Description
@davidanthoff asked on Zulip about incremental reparsing.
is there support for partial reparses, i.e. some sort of incremental parsing? Basic idea is that user presses one key in the editor, and we don't want to reparse the whole document on every key press, but only a subset, based on the precise range of the doc that was edited
To capture my thoughts on this somewhere more permanent, I think this should work fine but there's a couple of tricky things to work out:
First, how are the changed bytes supplied to the parser system? I haven't looked into LanguageServer yet. But presumably it's "insert this byte here" or "change line 10 to 'such-and-such' string". Those might require a representation of the source which isn't a String
(or Vector{UInt8}
buffer). It might be a rope data structure or something? Should we extend the SourceFile
abstraction to allow different AbstractString
types? Or perhaps this state should be managed outside the parser completely? Internally, I feel the lexer and parser should always operate on Vector{UInt8}
as a concrete efficient datastructure for UTF-8 encoded text, so the subrange of text which is being parsed should probably be copied into one of these for use by the tokenizer.

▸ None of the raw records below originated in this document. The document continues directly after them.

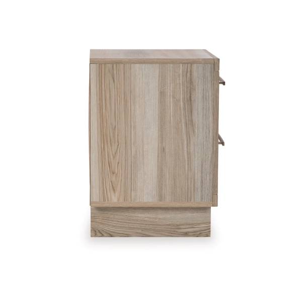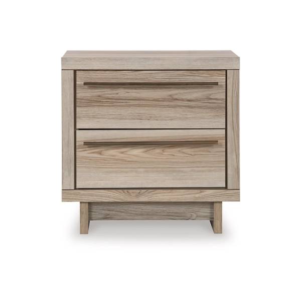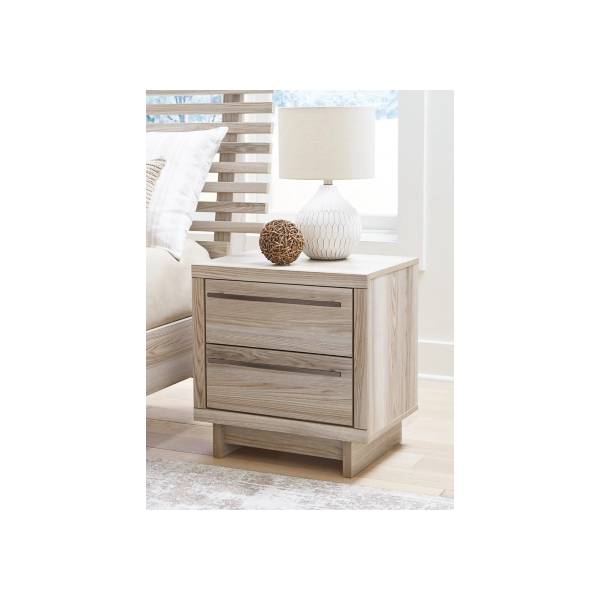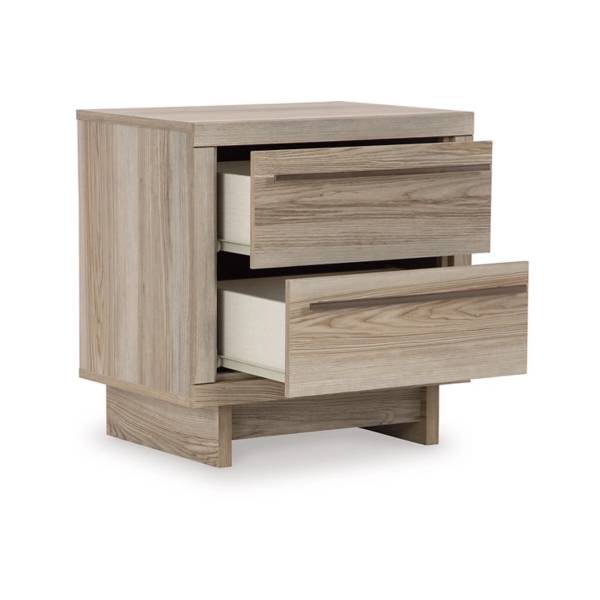 Elevate your bedroom with the effortlessly refined design of the Hasbrick Two Drawer Nightstand, available at Teletime. Blending modern style with a naturally sophisticated finish, this nightstand brings warmth and contemporary charm to your personal space. Its light natural tone, subtle replicated wood grain, and clean lines create a calming aesthetic that’s both inviting and timeless.
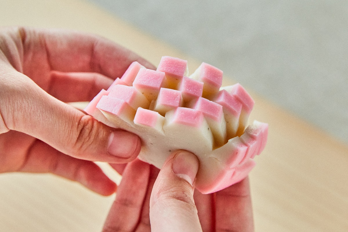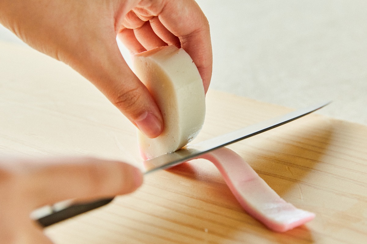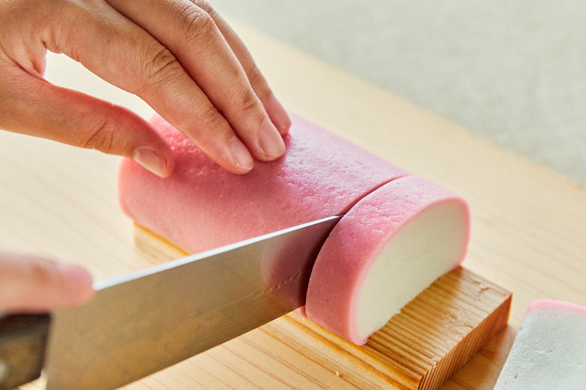 今回使用したかまぼこは「謹上蒲鉾」です。高級魚のグチにタイ類やタラ類をブレンドし、小田原かまぼこならではのぷりっとした弾力を引き出しています。本記事の飾り切りのような、厚く切って弾力を楽しむものに向いております。
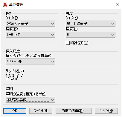 計測単位の形式には、建築図面表記、十進表記、工業図面表記、分数表記、指数表記があります。工業図面表記と建築図面表記の形式はフィートとインチで表示され、各作図単位は 1 インチを表すものとみなされます。他の形式は、実際の任意の単位で表すことができます。
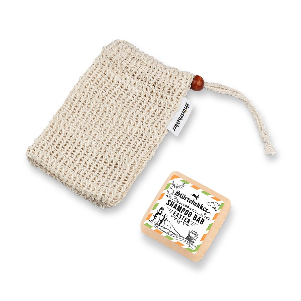 Lieferumfang | Festes Shampoo (100g) Soap Bag aus Sisalfasern |
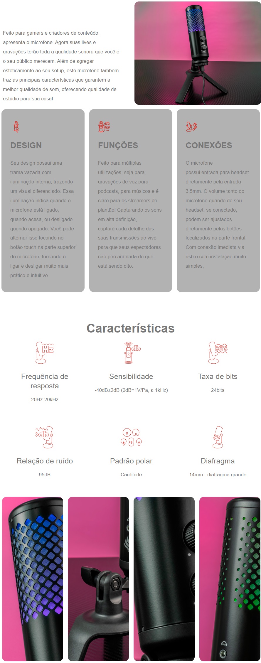 MICROFONE USB RGB CARDIOIDE C/ ADAPTADOR USB C
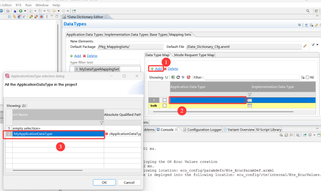 点击1处Add,并双击2处,选择3处,再点击 OK。
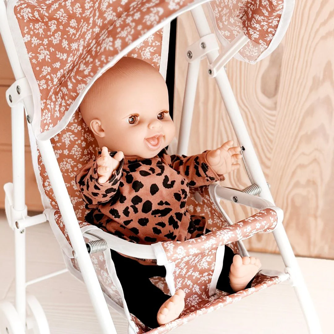 De poppenwagen 'Stroller Terra Flower' van het Nederlandse merk vanPauline is een realistische speelgoedbuggy om lievelingspoppen en -knuffels mee op stap te nemen. De buggy is uitgevoerd in terracotta-kleurige stof met een dessin van witte bloemen.
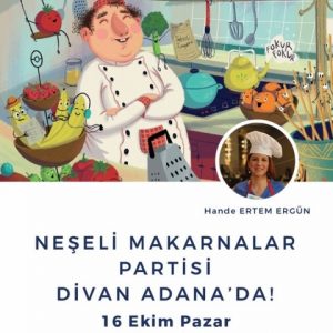 3-9 Yaş Fokur fokur mutfak serisi çocuk kitaplarının yazarı Hande Ertem Neşeli Makarnalar Partisi etkinliği Detaylı bilgi ve bilet satış: 0322 342 17 00
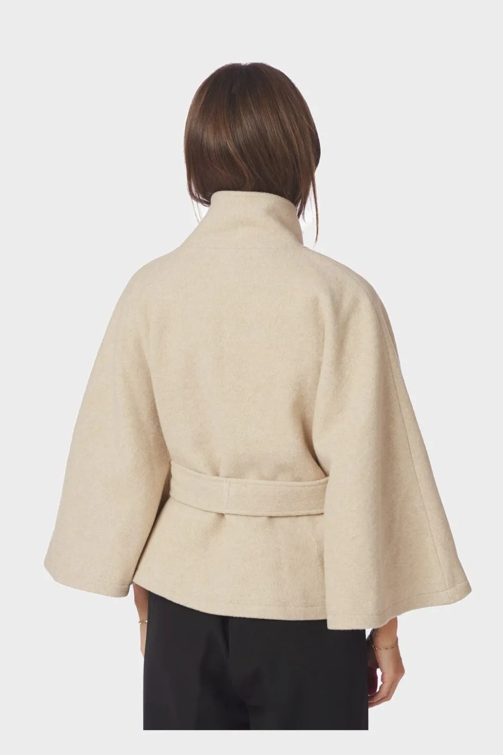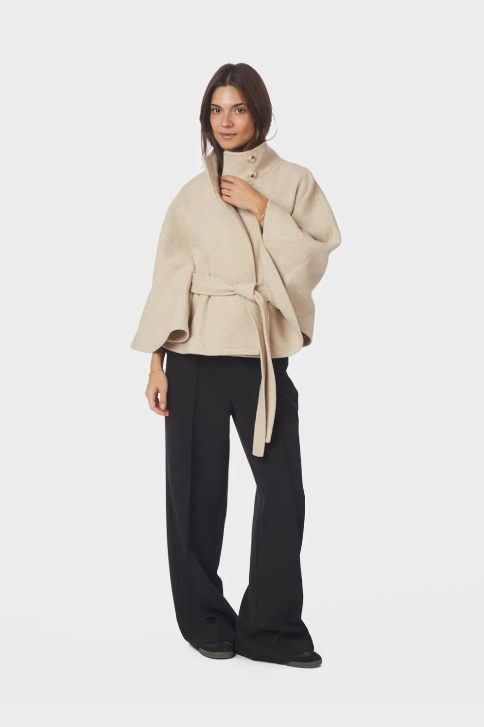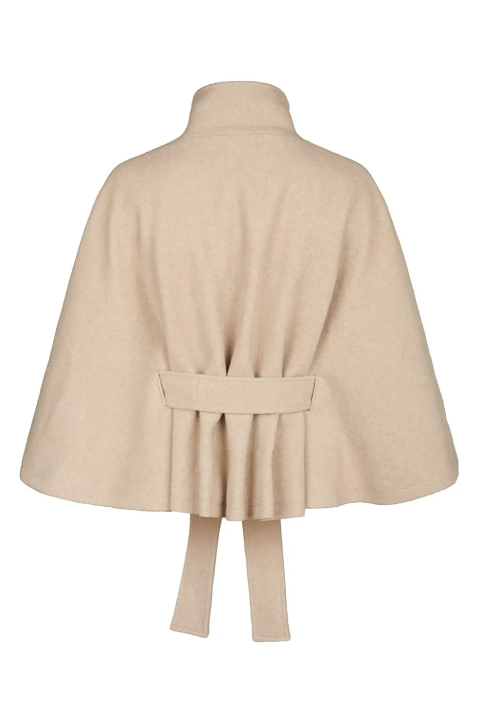 Sandfarvet cape fra Neo Noir med brede ærmer og høj krave. Den har to knapper ved halsen og et bindebånd i taljen, der giver mulighed for at justere vidden.

Second, the new source text intersects with the existing parse tree node(s) which cover some range of bytes. There can be several such nodes nested together; which one do we choose? Equivalently, which production (JuliaSyntax.parse_*
function) do we start reparsing from? Starting deeper in the tree is good because it implies a smaller span, but the parser may have nontrivial state which isn't explicit in the parse tree. For example, space sensitive parsing within []
or macro calls. Or the special parsing of in
as =
within iterator specification of a for loop. So we'd need a list of rules to specify which productions we can restart parsing from, and correctly reconstruct the ParseState for those cases. To start with, toplevel/module scope is probably fine and we could throw something together quickly for that, I think.